*** RECORDED INFORMATION ***

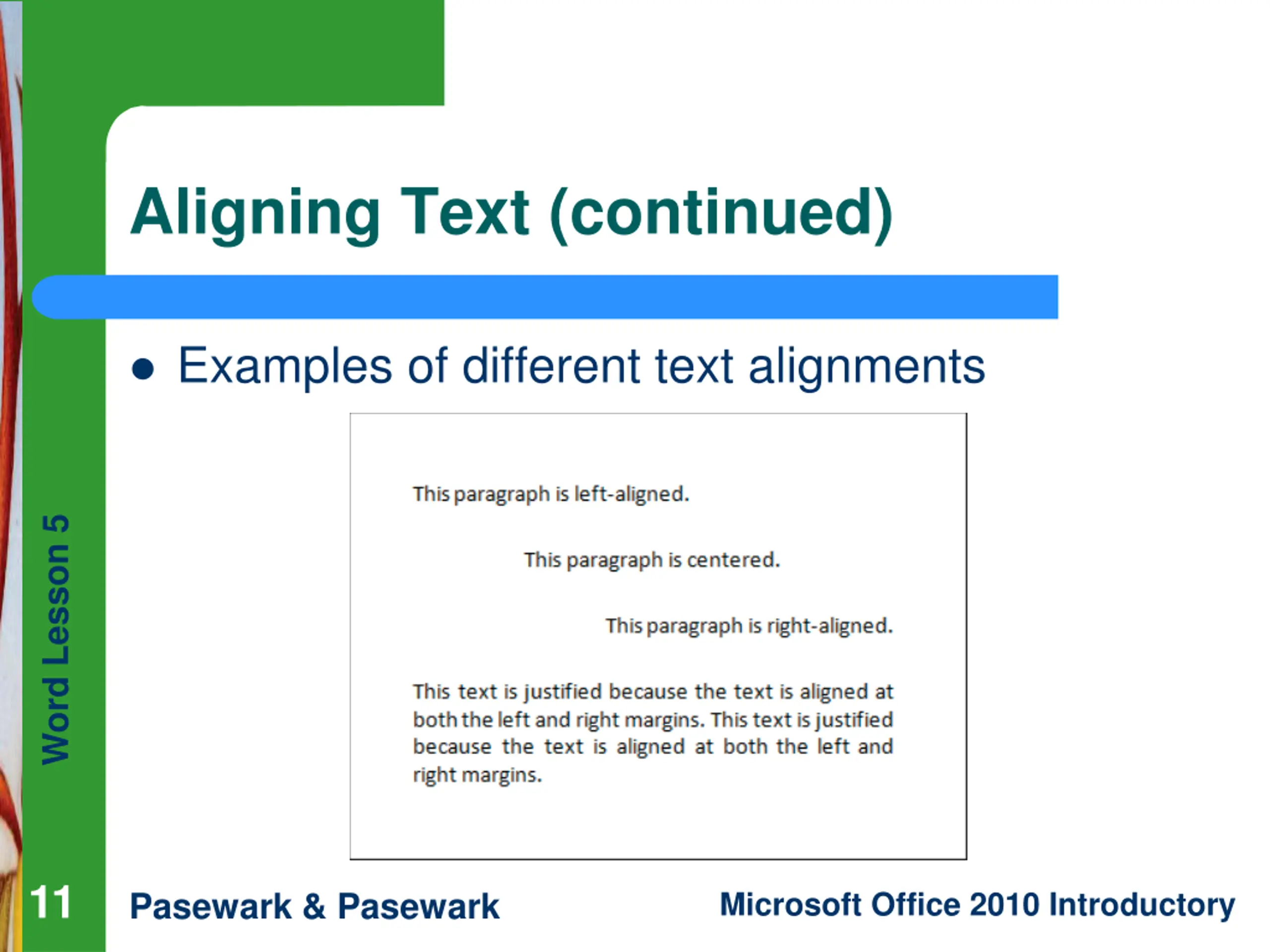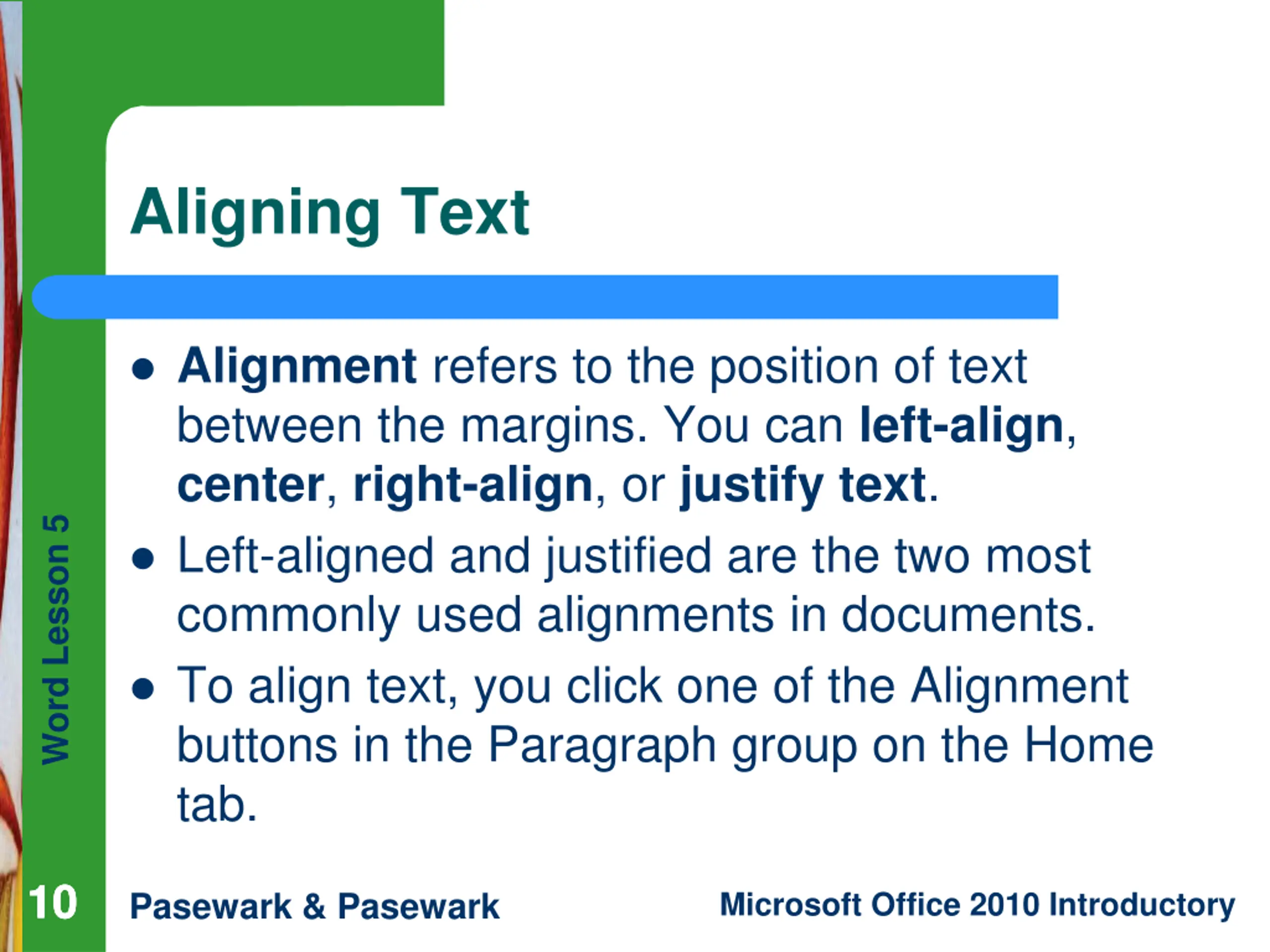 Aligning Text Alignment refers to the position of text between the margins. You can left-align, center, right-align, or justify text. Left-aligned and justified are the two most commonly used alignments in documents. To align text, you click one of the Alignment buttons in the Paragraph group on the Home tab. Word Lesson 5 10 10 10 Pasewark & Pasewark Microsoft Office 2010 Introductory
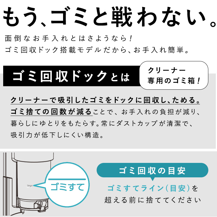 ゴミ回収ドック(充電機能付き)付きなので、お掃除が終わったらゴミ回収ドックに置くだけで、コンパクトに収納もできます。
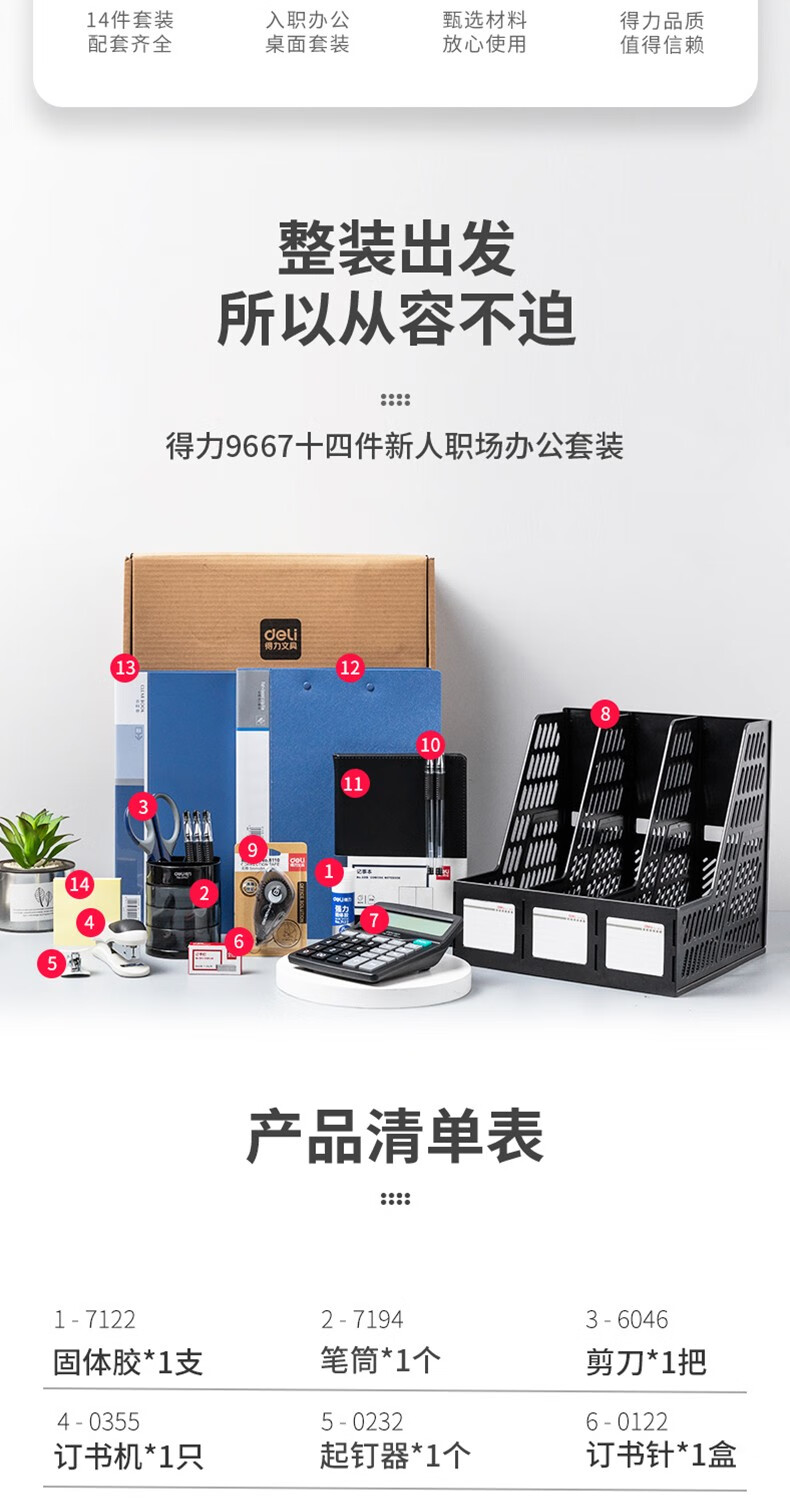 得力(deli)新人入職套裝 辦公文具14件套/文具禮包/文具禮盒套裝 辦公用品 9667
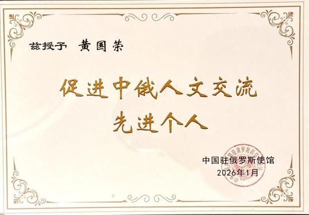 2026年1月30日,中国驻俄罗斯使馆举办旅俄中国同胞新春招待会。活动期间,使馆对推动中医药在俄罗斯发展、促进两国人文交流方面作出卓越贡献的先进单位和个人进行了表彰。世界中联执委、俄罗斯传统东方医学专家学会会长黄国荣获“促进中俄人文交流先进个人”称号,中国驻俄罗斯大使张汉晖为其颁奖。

*** End of RECORDED INFORMATION ***

— WHAT THE TASK REQUIRES —
Everything in the listing should be repeated exactly except the pictures.

— RESPONSE BELOW —
 Aligning Text Alignment refers to the position of text between the margins. You can left-align, center, right-align, or justify text. Left-aligned and justified are the two most commonly used alignments in documents. To align text, you click one of the Alignment buttons in the Paragraph group on the Home tab. Word Lesson 5 10 10 10 Pasewark & Pasewark Microsoft Office 2010 Introductory
 ゴミ回収ドック(充電機能付き)付きなので、お掃除が終わったらゴミ回収ドックに置くだけで、コンパクトに収納もできます。
 得力(deli)新人入職套裝 辦公文具14件套/文具禮包/文具禮盒套裝 辦公用品 9667
 2026年1月30日,中国驻俄罗斯使馆举办旅俄中国同胞新春招待会。活动期间,使馆对推动中医药在俄罗斯发展、促进两国人文交流方面作出卓越贡献的先进单位和个人进行了表彰。世界中联执委、俄罗斯传统东方医学专家学会会长黄国荣获“促进中俄人文交流先进个人”称号,中国驻俄罗斯大使张汉晖为其颁奖。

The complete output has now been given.